Re: [Haskell-cafe] bytestring vs. uvector

2009-03-10 Thread Xiao-Yong Jin

Don Stewart  writes:

>> instance UA UserDefinedDataType
>> 
>> I'm not sure how to do that.  Can you give me some
>> clarification?
>
> Yes, you can do that. This is the case for most of the new array
> libraries.

It goes beyond my current knowledge, now.  How do you define
a custom data type as an instance of UA or Storable?

Xiao-Yong
-- 
c/*__o/*
<\ * (__
*/\  <
___
Haskell-Cafe mailing list
Haskell-Cafe@haskell.org
http://www.haskell.org/mailman/listinfo/haskell-cafe

Re: [Haskell-cafe] bytestring vs. uvector

2009-03-10 Thread Don Stewart

xj2106:
> Don Stewart  writes:
> 
> > And what is Storable limited to?
> >
> > Ultimately they're all limited to the primops for reading and writing,
> > and to what types we can encode in those. So:
> >
> > primop ReadOffAddrOp_Char "readCharOffAddr#" GenPrimOp
> > ...
> > {-
> > instance Storable Double
> > instance Storable Bool
> > instance Storable Char
> > instance Storable Int
> > instance Storable Float
> > ...
> > -}
> >
> > {-
> >
> > instance UA ()
> > instance (UA a, UA b) => UA (a :*: b)
> > instance UA Bool
> > instance UA Char
> > instance UA Int
> > instance UA Float
> > instance UA Double
> > ...
> > -}
> >
> > So what's a type that's Storable, but not writable in UA (or UArray or ..)
> 
> So it's me who understand it wrong.  If I want some high
> performance array with elements of custom data type, I'm
> stuck with Array, anyway?
> 
> Is it possible to make
> 
> instance UA UserDefinedDataType
> 
> I'm not sure how to do that.  Can you give me some
> clarification?

Yes, you can do that. This is the case for most of the new array
libraries.

-- Don
___
Haskell-Cafe mailing list
Haskell-Cafe@haskell.org
http://www.haskell.org/mailman/listinfo/haskell-cafe

Re: [Haskell-cafe] bytestring vs. uvector

2009-03-10 Thread Don Stewart

bulat.ziganshin:
> Hello Don,
> 
> Tuesday, March 10, 2009, 11:01:31 PM, you wrote:
> 
> >> if uavector use ghc's built-in unboxed array operations (as
> >> Data.Array.Unboxed does) then it's necessarily bounded to types
> >> supported by those operations
> 
> > And what is Storable limited to?
> 
> > Ultimately they're all limited to the primops for reading and writing,
> 
> the full story:
> 
> ghc up to 6.6 has slow access to ForeignArrays, as you may recall
> 
> therefore, those primitives was added. ByteArra# plus those primitives
> was the only way to have unboxed arrays with fast access
> 
> starting with 6.6, ForeignArray access is no-op, so we can just use
> obvious Ptr operations (via Storable class) to get unboxed arrays fast
> access. so, no more need for those special ByteArray# access operations
> 
> but Array library still old, so any effort based on its spources, got
> the same restrictions
> 
> also, ByteArray# may be unpinned, but afaik, this isn't really
> important - it can be coerced to Ptr for the period of one operation


Right, so my point stands: there's no difference now. If you can write a
Storable instance, you can write a UA et al instance.

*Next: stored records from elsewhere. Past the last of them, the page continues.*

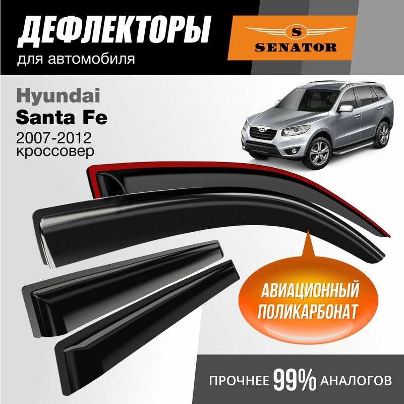 Дефлекторы окон Senator Hyundai Sante Fe 2 (Хендай Санта Фе 2) 2007-2012 г. в, кроссовер, накладные, 4шт: сравнение цен, характеристики, фото, актуальное наличие и цены.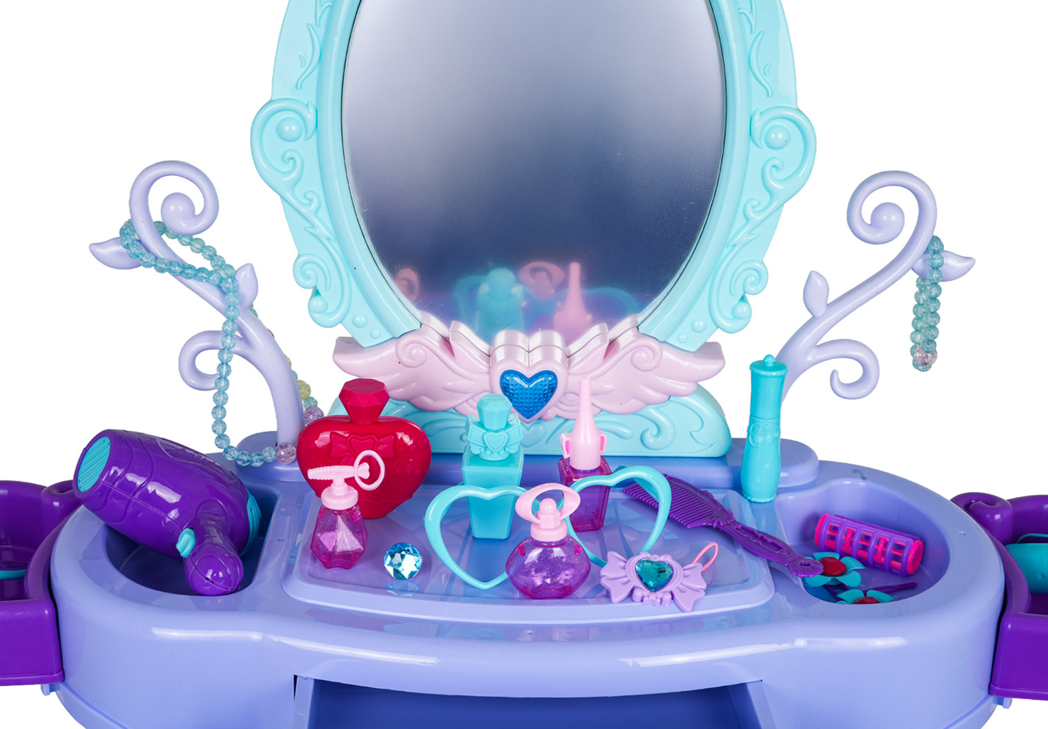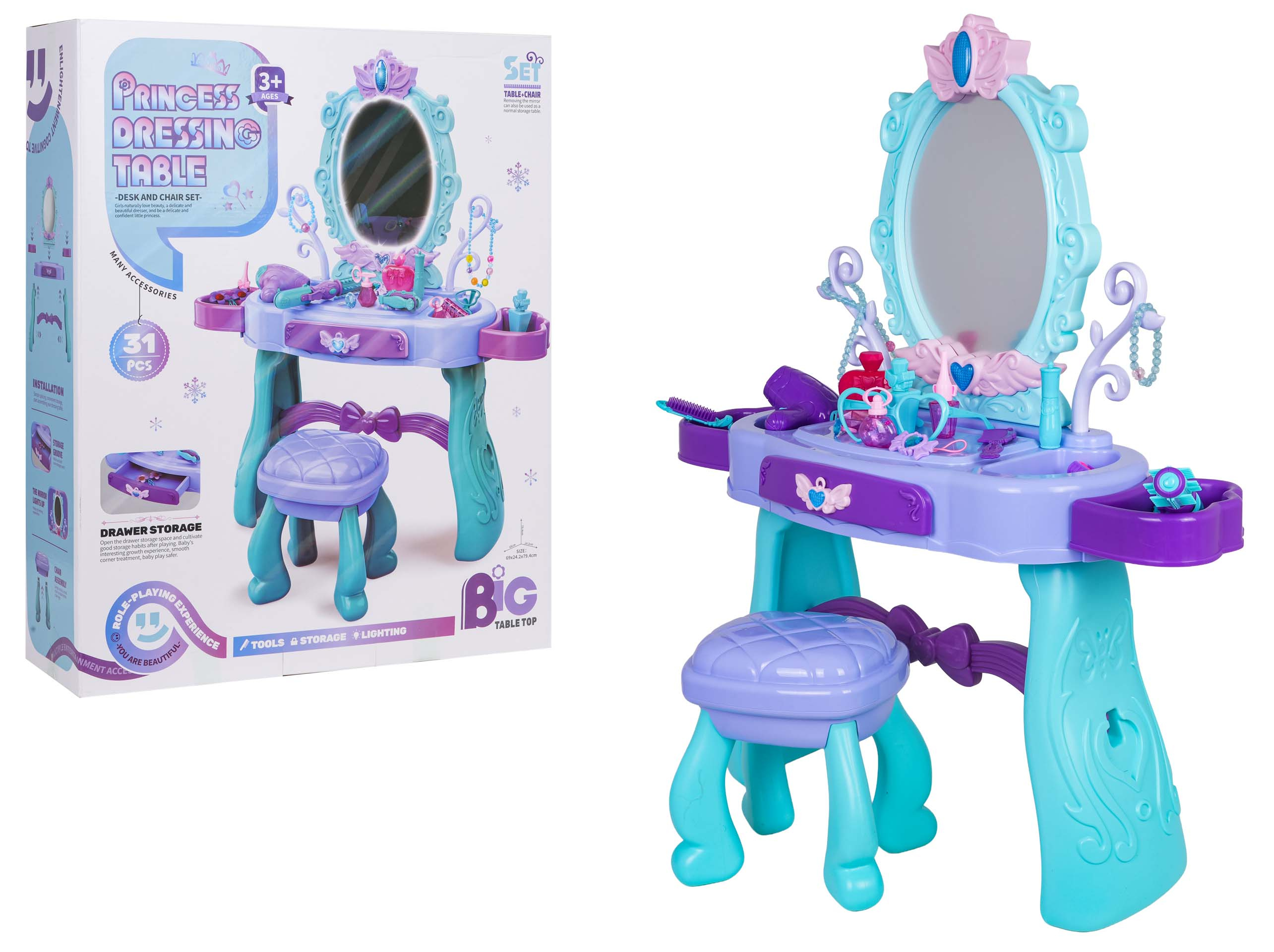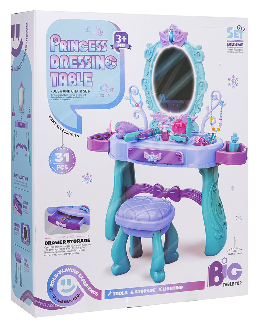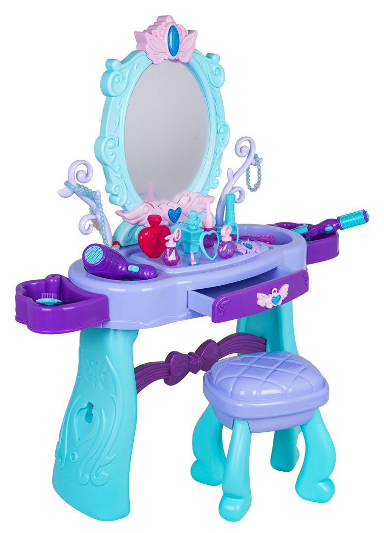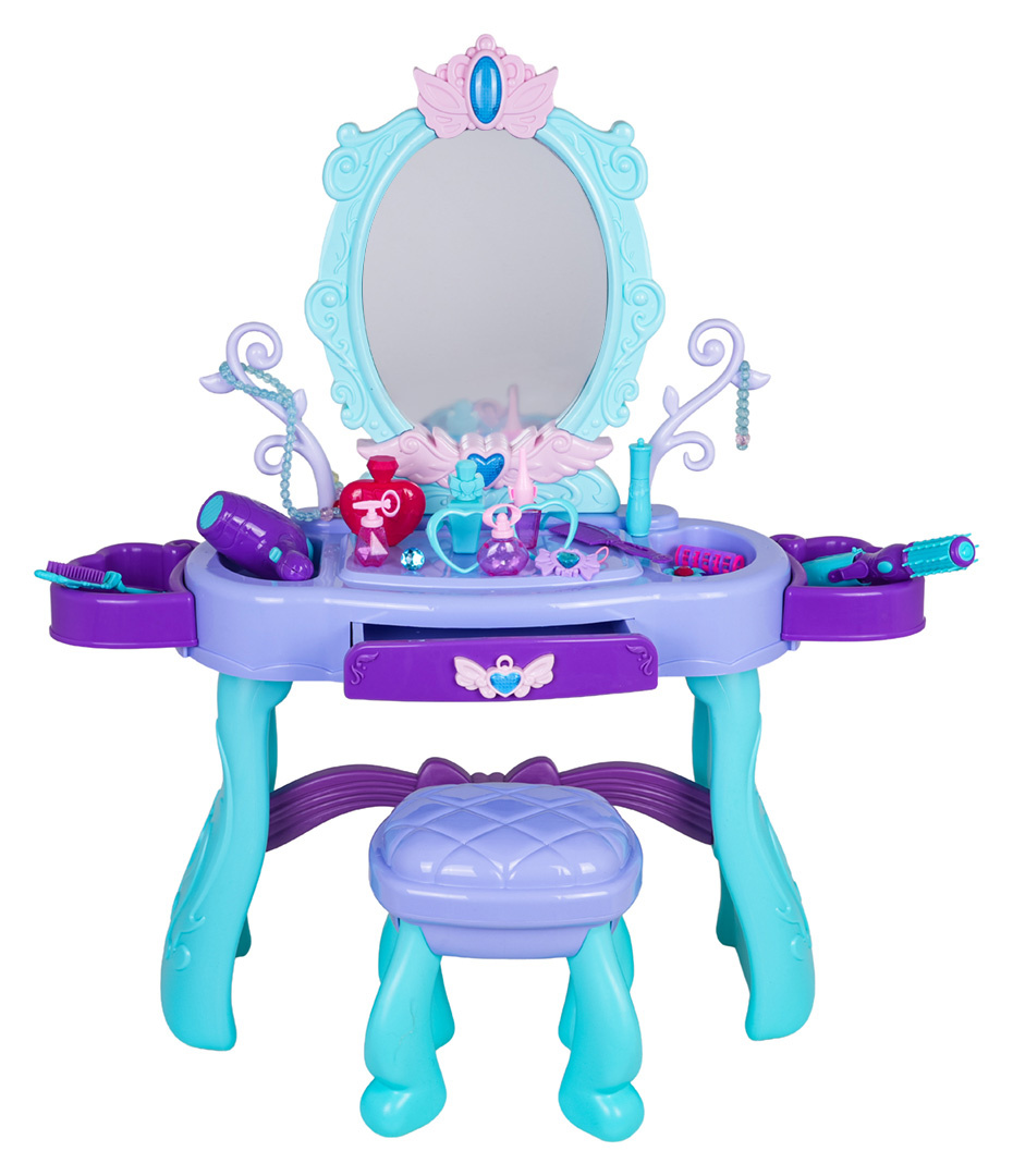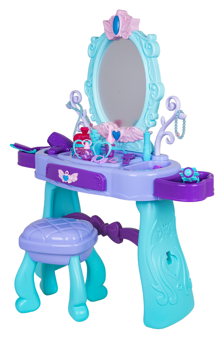 Kouzelný toaletní stolek s taburetem a doplňky pro děti od tří let. Sada byla vyrobena s důrazem na detaily v živých barvách. Toaletka má krásně zdobené zrcadlo, otevírací šuplík a boční poličky na doplňky. Ve vybavení sady se nachází m.in. fén, kulma s žehličkou, skládací kartáč, hřeben, brýle, otevírací nádoby na kosmetiku, atrapa rtěnky nebo laku na nehty, a také náramek, korále, sponky a prsten. Toaletka je napájena bateriemi typu 2 x AA 1,5 V (nejsou součástí balení), které jsou potřebné k osvětlení zrcadla.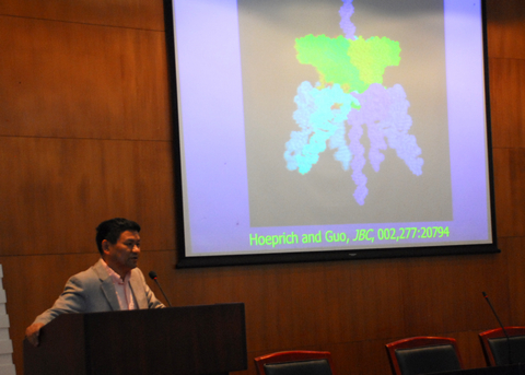 作学术讲座,作了题为“Viral DNA Packaging Nanomotor for Single chemical Sensing,Single Pore DNAFigure printing, Bioreactors, RNA Nanotechnology and Specific Drug Delivery”的学术报告,受到广大师生的热烈欢迎。之后,Guo教授与部分老师进行了深入的交流。
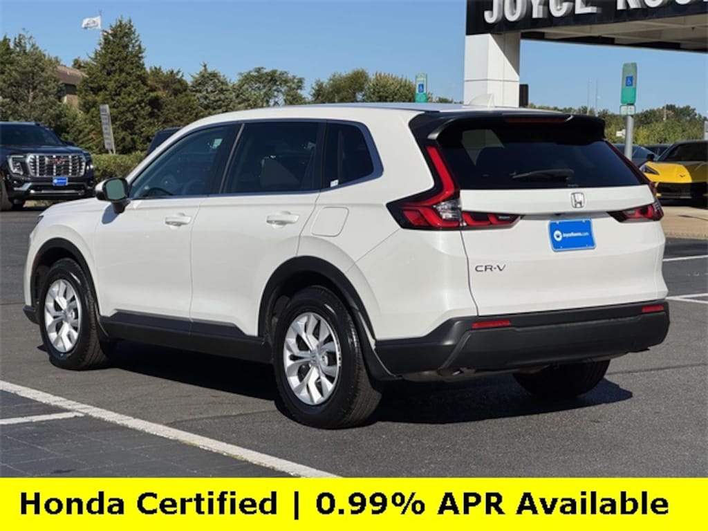 CARFAX One-Owner. Clean CARFAX. Certified. Platinum White Pearl 2025 Honda CR-V LX ***ONE OWNER***, ***LOW MILES***, ***DEALER MAINTAINED***, ***EXCELLENT CONDITION***, ***HONDA CERTIFIED***, ***ALL WHEEL DRIVE***, ***ADAPTIVE CRUISE CONTROL***, ***ALLOY WHEELS***, ***BACK UP CAMERA***, ***FORWARD COLLISION ALERT***, ***LANE DEPARTURE WARNING***, HondaTrue Certified Certified, AWD, 4 Speakers, 4-Wheel Disc Brakes, ABS brakes, Adaptive Cruise Control: Adaptive Cruise Control (ACC) with Low-Speed Follow, Air Conditioning, Apple CarPlay/Android Auto, Auto High-beam Headlights, Automatic temperature control, Brake assist, Bumpers: body-color, Cloth Seat Trim, Compass, Delay-off headlights, Driver door bin, Driver vanity mirror, Dual front impact airbags, Dual front side impact airbags, Electronic Stability Control, Exterior Parking Camera Rear, Four wheel independent suspension, Front anti-roll bar, Front Bucket Seats, Front Center Armrest, Front reading lights, Fully automatic headlights, Illuminated entry, Knee airbag, Low tire pressure warning, Occupant sensing airbag, Outside temperature display, Overhead airbag, Overhead console, Panic alarm, Passenger door bin, Passenger vanity mirror, Power door mirrors, Power steering, Power windows, Radio data system, Radio: 160-Watt AM/FM Audio System, Rear anti-roll bar, Rear reading lights, Rear seat center armrest, Rear side impact airbag, Rear window defroster, Rear window wiper, Remote keyless entry, Security system, Speed control, Speed-sensing steering, Speed-Sensitive Wipers, Split folding rear seat, Spoiler, Steering wheel mounted audio controls, Tachometer, Telescoping steering wheel, Tilt steering wheel, Traction control, Trip computer, Turn signal indicator mirrors, Variably intermittent wipers, AWD.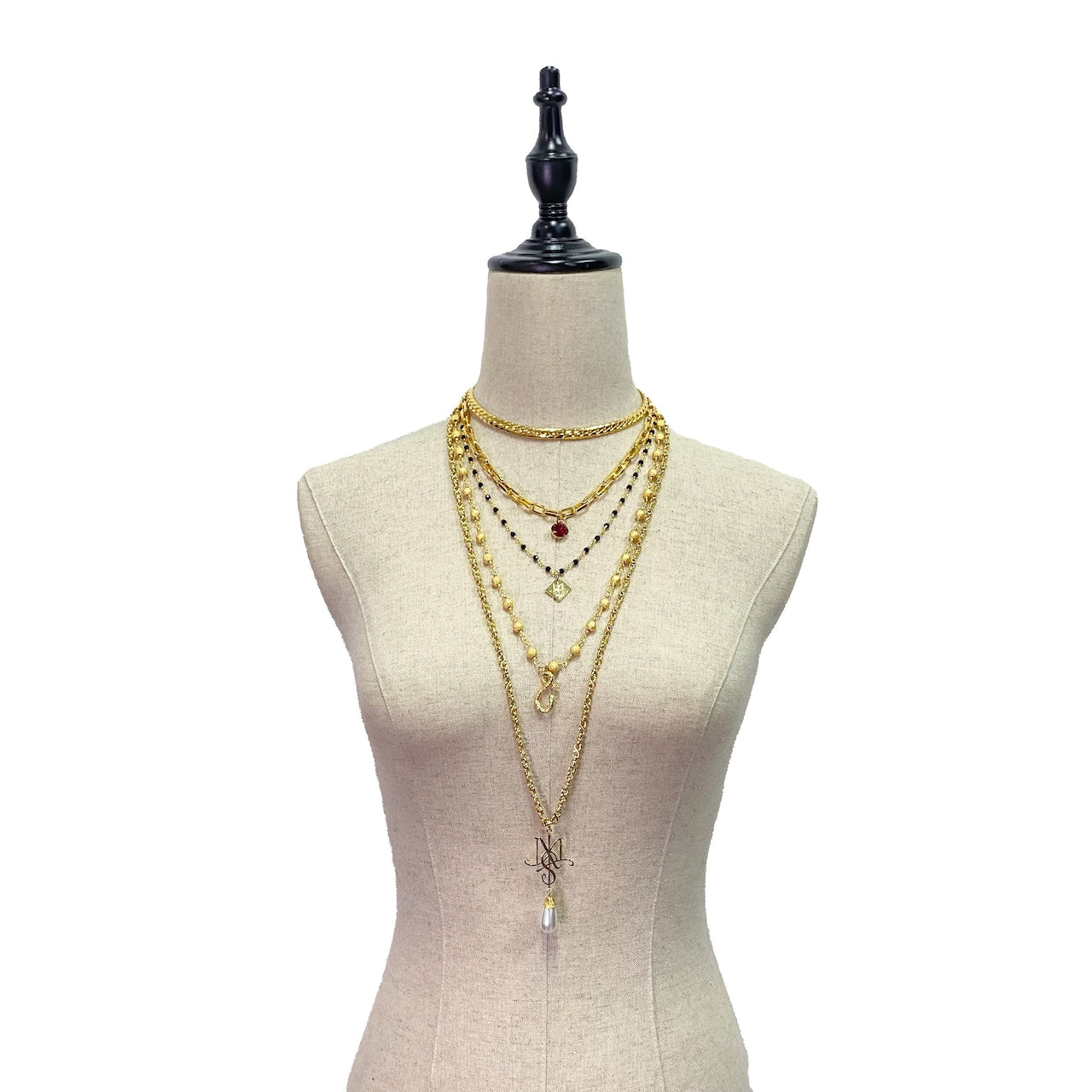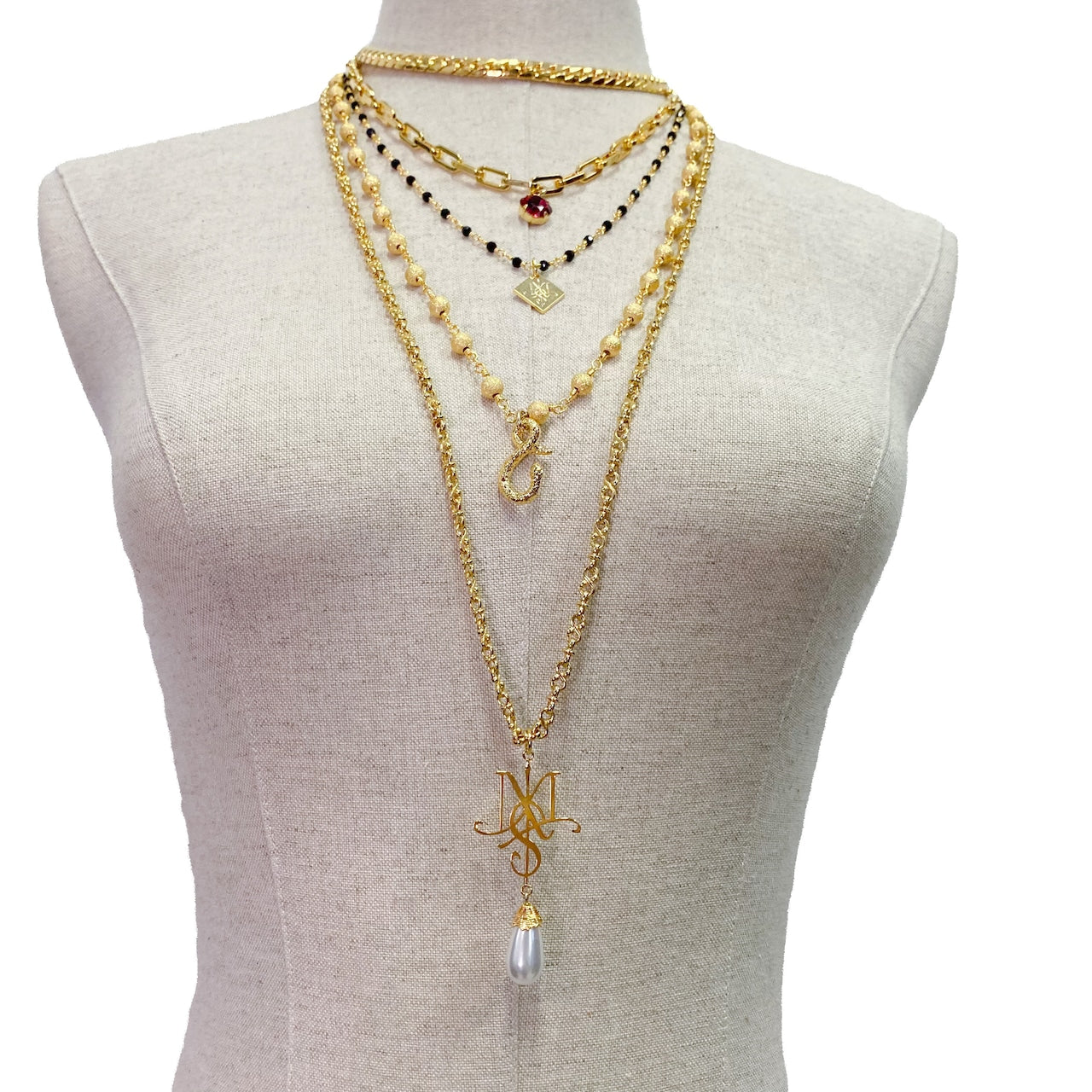 それぞれ違う種類のチェーンでモチーフが下がっており、2段目には赤いクリスタル。3段目にはロゴプレート。4段目にはオリジナルのスネークフック。5段目にはオリジナルのMSロゴからドロップパールが下がります。
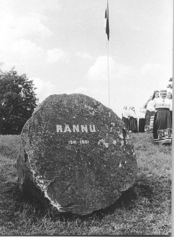 Kivisse on raiutud tekst "Rannu 1241-1991".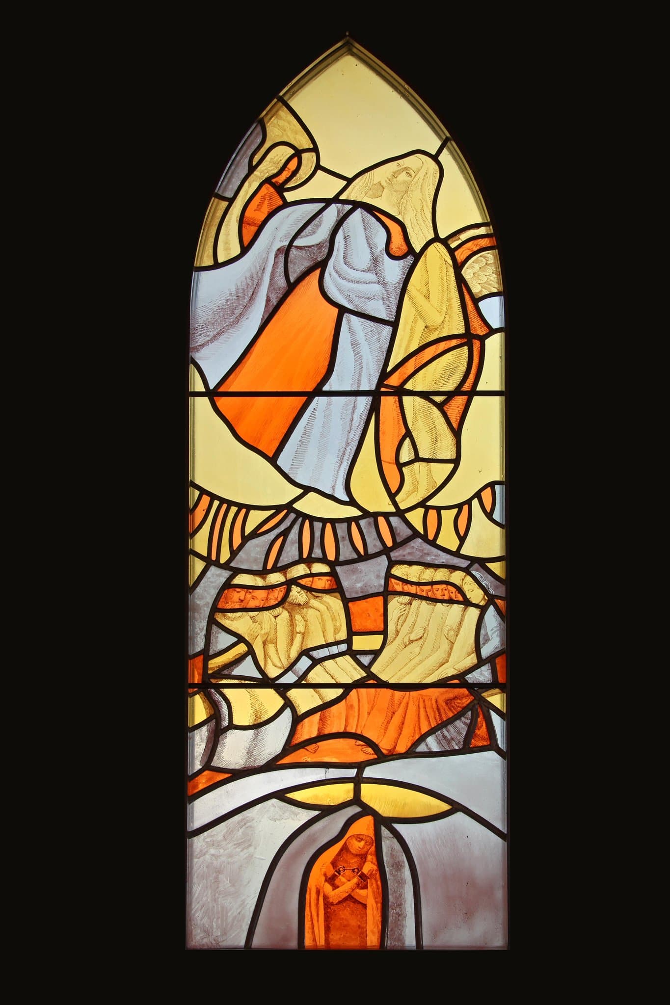 En bas, une femme, les poignets menottés, baisse la tête. Au centre, les apôtres reçoivent l’Esprit Saint sous la forme de langues de feu. En haut, une femme, les mains jointes, est entourée de deux anges.

And GHC 6.6 was released what, 11 October 2006? So this has been the
case for a long time.

-- Don
___
Haskell-Cafe mailing list
Haskell-Cafe@haskell.org
http://www.haskell.org/mailman/listinfo/haskell-cafe

Re: [Haskell-cafe] bytestring vs. uvector

2009-03-10 Thread Xiao-Yong Jin

Don Stewart  writes:

> And what is Storable limited to?
>
> Ultimately they're all limited to the primops for reading and writing,
> and to what types we can encode in those. So:
>
> primop ReadOffAddrOp_Char "readCharOffAddr#" GenPrimOp
> ...
> {-
> instance Storable Double
> instance Storable Bool
> instance Storable Char
> instance Storable Int
> instance Storable Float
> ...
> -}
>
> {-
>
> instance UA ()
> instance (UA a, UA b) => UA (a :*: b)
> instance UA Bool
> instance UA Char
> instance UA Int
> instance UA Float
> instance UA Double
> ...
> -}
>
> So what's a type that's Storable, but not writable in UA (or UArray or ..)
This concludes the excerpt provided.